Lac, like Cochineal, is a red dye used for many hundreds of years. Recently I had success dyeing with it and have discovered the deep, burgundy red of Lac.
Lac comes from the scale insect Laccifer lacca which lives in fig trees. Its name most likely comes from the Sanskrit word ‘laksa’ which is the term for 100,000. In Hindi the word ‘lakh’ or ‘lac’ has this meaning today. As this would suggest these insects are very numerous.
Lac began to be imported into Europe in the Middle Ages from India, around 1220. It quickly became the most important red dye for much of the Renaissance. It was so widely used that the word ‘lac’ came to refer to all red-based pigments.
The bugs produce resin which is called sticklac but the colour comes from the insects not the resin. The resin-laden branches are removed from the tree and both resin and bugs are crushed, sieved and washed to release the red dye.
The colour from Lac dye is softer and warmer than Cochineal and is more purple or burgundy. Through altering the PH values different colours can be produced, although they are not necessarily stable. A pinch of iron shifts it to purple.
Today the people who use Lac as a dye are few but the purified resin is very widely used under the name Shellac. It produces the glossy surface on violins, woodwork and furniture.
It is one of the most widely used natural materials for coating and glazing. Those shiny apples in the shops look that way because of a coating of Shellac. It is used to coat citrus fruit, pears, peaches, avocados and many other fruits. It goes by the name E904 or confectioner’s glaze.

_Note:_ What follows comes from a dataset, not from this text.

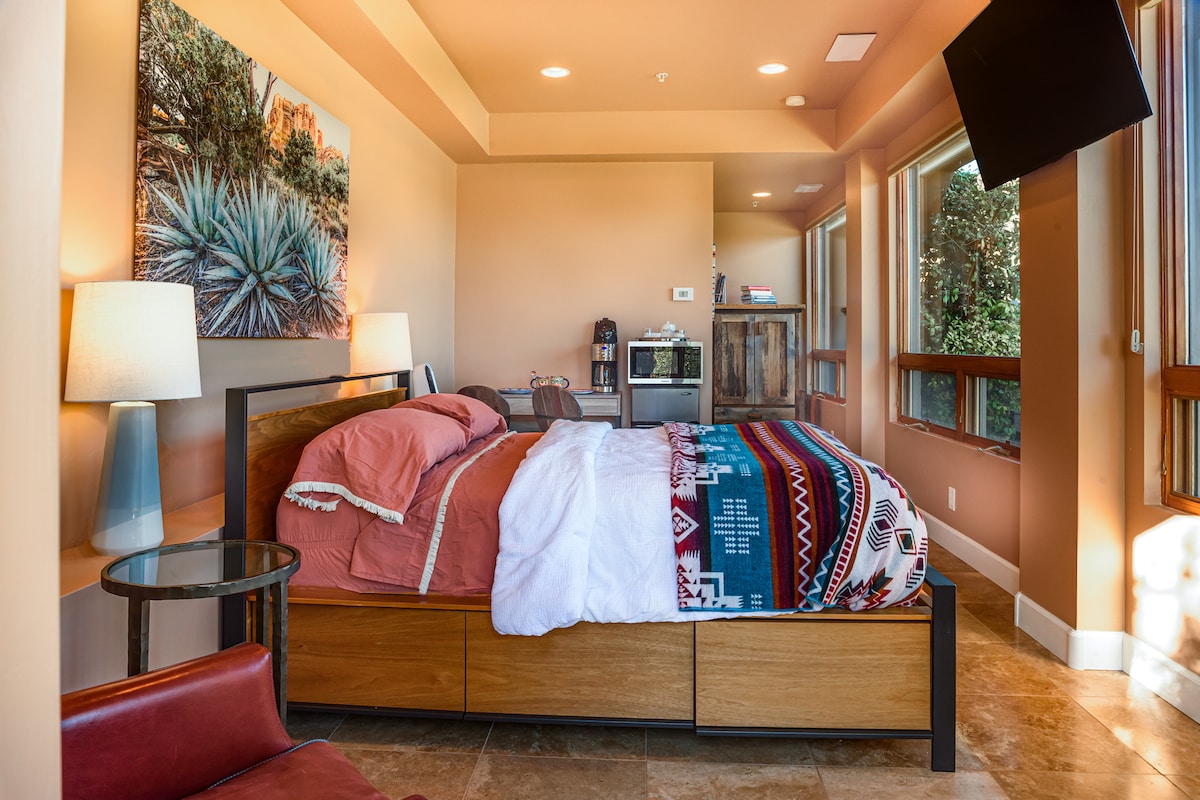 Rustic decor with a western and copper mine theme. Located in the heart of Cottonwood Arizona, this space is just five minutes from tasting rooms, restaurants, and shops in Old Town Cottonwood. 20 minutes from Sedona and it’s Red Rocks as well as the historic mining town of Jerome. Two hours from the Grand Canyon and 90 minutes from Sky Harbor Airport. More than 15 local tasting rooms, Out of Africa Wildlife park, Tuzigoot National Monument, Verde Canyon Railway, a true outdoor lovers paradise!

Shellac is also used in cosmetics – in hairspray, nail varnish and mascara. And because it doesn’t dissolve easily it is used to coat pills so they don’t dissolve until they reach the gut. Other uses include the production of false teeth and the glue used to restore dinosaur bones.
The author of Extraordinary Insects, Anne Sverdrup-Thygeson, says there are several species of Lac bugs and the most productive variety is Kerria Lacca.
From the end of the 1800s until the 1940s Shellac was the main ingredient in gramophone records. Record production was at such a high level in the 1900s that the American authorities started to worry that there might be a shortage. Not for music-loving reasons but because it had an important military role for to use in detonators and as a waterproof sealant for ammunition.
The bug sucks down the plant sap and from its other end comes an orange resin-like liquid that hardens on contact with the air. It forms shiny orange rooftops that protect the insects and later the eggs.
Most Shellac production happens in India and an estimated 3 to 4 million small scale farmers earn their living by keeping Lac bugs as livestock. The rural areas where this happens helps keep the land rich in terms of diversity because pesticides would put an end to the Lac bugs’ lives.
The first times I used it I didn’t heat the extract for long enough and just got a murky pink. Since reading about the insects I now understand that its waterproof nature means it needs to be heated gently for an hour before you add the mordanted fibre. I get my extract from Wild Colours in the UK.
It is a good dye to combine with other others. The skeins on the right are dyed first with Lac and then with Buckthorn berries. As with so many natural dyes I love thinking of people from the 13th century onwards in Europe dressed in these fabulous colours.